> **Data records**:
########

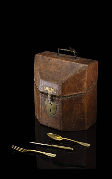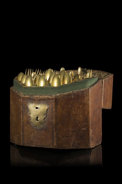 Servizio di posate in metallo dorato composto da: dodici forchette, dodici coltelli e dodici cucchiai, in custodia in pelle impressa in oro. Fine secolo XVIII (cm 27x30) (difetti)
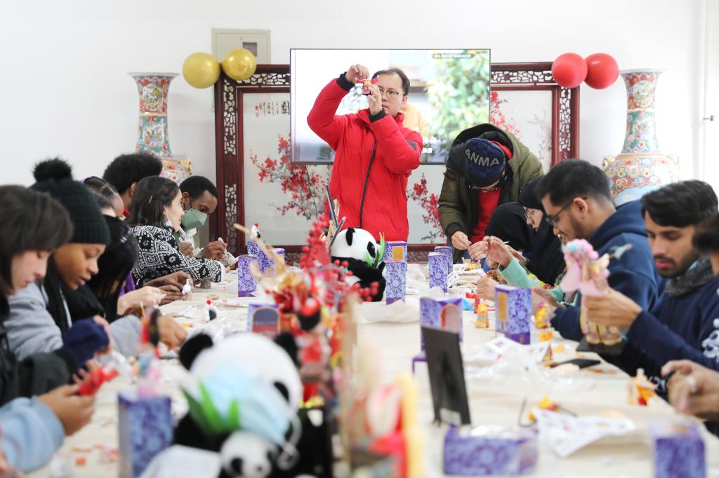 来自青岛市手工艺协会、青岛市市北区文艺家协会的民间艺人,一边给留学生传授传统的民俗手工艺,一边讲述有趣的民俗故事,让留学生在丰富多彩的非遗文化中,体验地道中国年,感受中国传统文化的独特魅力。
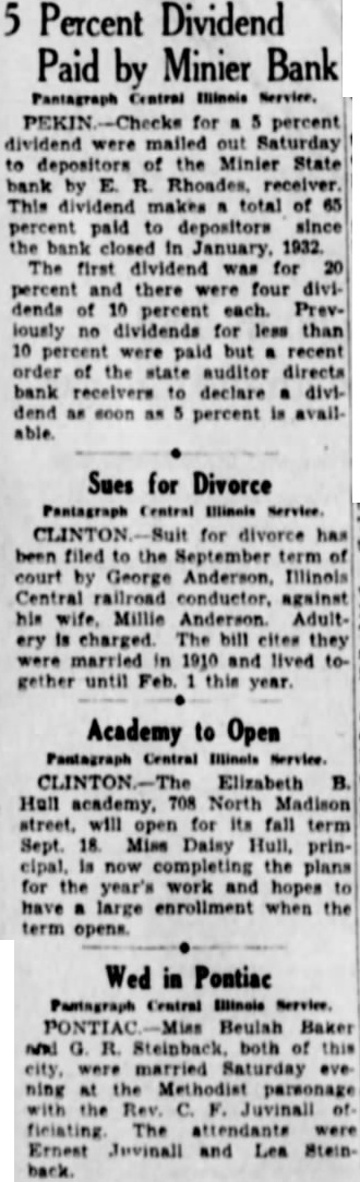 Pantagraph for percent dividend were mailed out Saturday depositors of the Minier State bank receiver. This dividend makes total of paid to depositors since the bank closed In January. 1932. The first dividend was for percent and there were four dividends percent each. Prevlously no dividends for less than were paid but recent order of the auditor directs bank to declare as soon percent available.
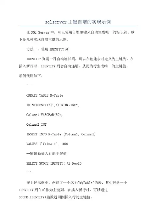 示例代码如下:```CREATE TABLE MyTableIDINTIDENTITY(1,1)PRIMARYKEY,Column1 VARCHAR(50),Column2 INTINSERT INTO MyTable (Column1, Column2)VALUES ('Value 1', 100)--输出新插入行的主键值SELECT SCOPE_IDENTIY( AS NewID```在上述示例中,创建了一个名为"MyTable"的表,其中包含一个IDENTITY列"ID"作为主键列。
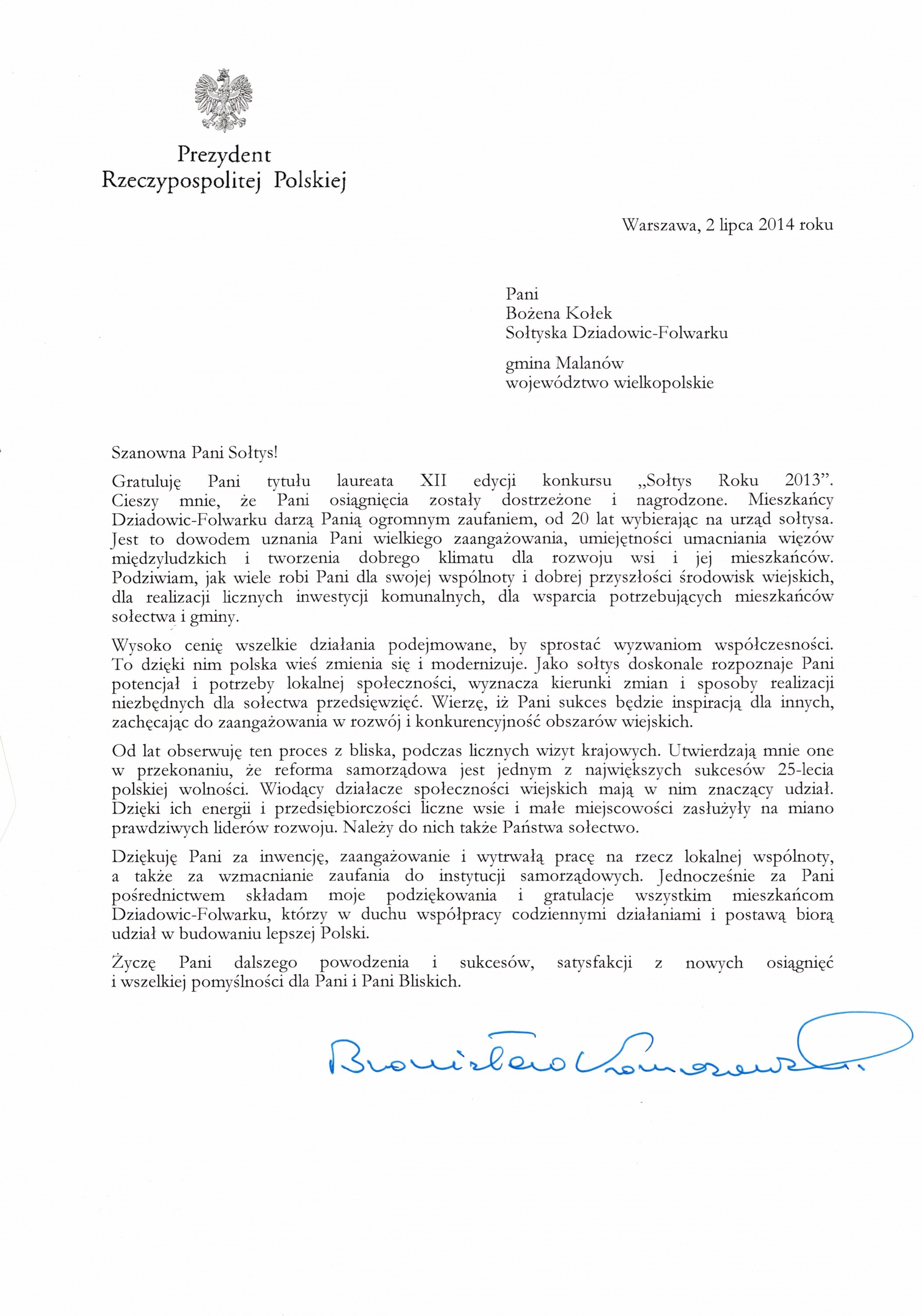 Jesteś tutaj: Strona główna » Dziadowice-Folwark » Aktualności » "... składam moje podziękowania i gratulacje wszystkim mieszkańcom Dziadowice - Folwarku ..."
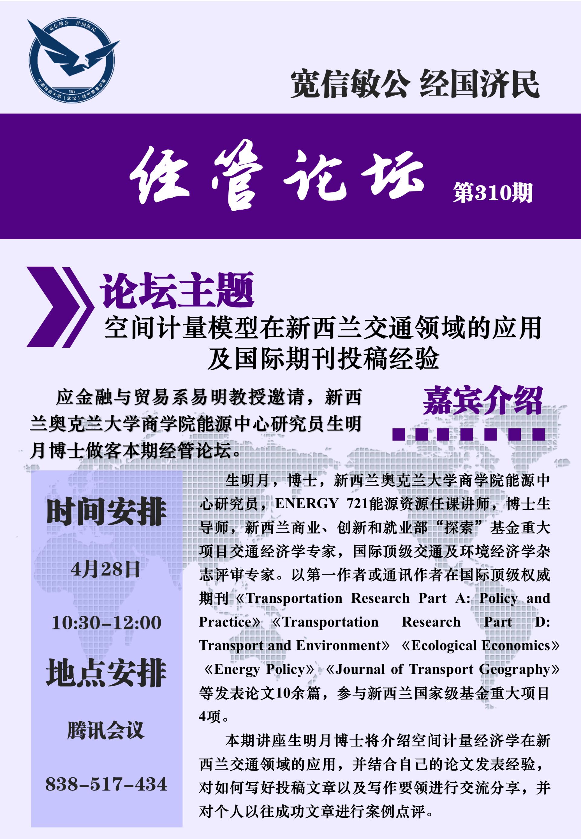 经管论坛(第310期)空间计量模型在新西兰交通领域的应用及国际期刊投稿经验

########

> **What is expected**: Keeping every word as it is, write out all the data and omit the pictures.

> **Task response**:
 Servizio di posate in metallo dorato composto da: dodici forchette, dodici coltelli e dodici cucchiai, in custodia in pelle impressa in oro. Fine secolo XVIII (cm 27x30) (difetti)
 来自青岛市手工艺协会、青岛市市北区文艺家协会的民间艺人,一边给留学生传授传统的民俗手工艺,一边讲述有趣的民俗故事,让留学生在丰富多彩的非遗文化中,体验地道中国年,感受中国传统文化的独特魅力。
 Pantagraph for percent dividend were mailed out Saturday depositors of the Minier State bank receiver. This dividend makes total of paid to depositors since the bank closed In January. 1932. The first dividend was for percent and there were four dividends percent each. Prevlously no dividends for less than were paid but recent order of the auditor directs bank to declare as soon percent available.
 示例代码如下:```CREATE TABLE MyTableIDINTIDENTITY(1,1)PRIMARYKEY,Column1 VARCHAR(50),Column2 INTINSERT INTO MyTable (Column1, Column2)VALUES ('Value 1', 100)--输出新插入行的主键值SELECT SCOPE_IDENTIY( AS NewID```在上述示例中,创建了一个名为"MyTable"的表,其中包含一个IDENTITY列"ID"作为主键列。
 Jesteś tutaj: Strona główna » Dziadowice-Folwark » Aktualności » "... składam moje podziękowania i gratulacje wszystkim mieszkańcom Dziadowice - Folwarku ..."
 经管论坛(第310期)空间计量模型在新西兰交通领域的应用及国际期刊投稿经验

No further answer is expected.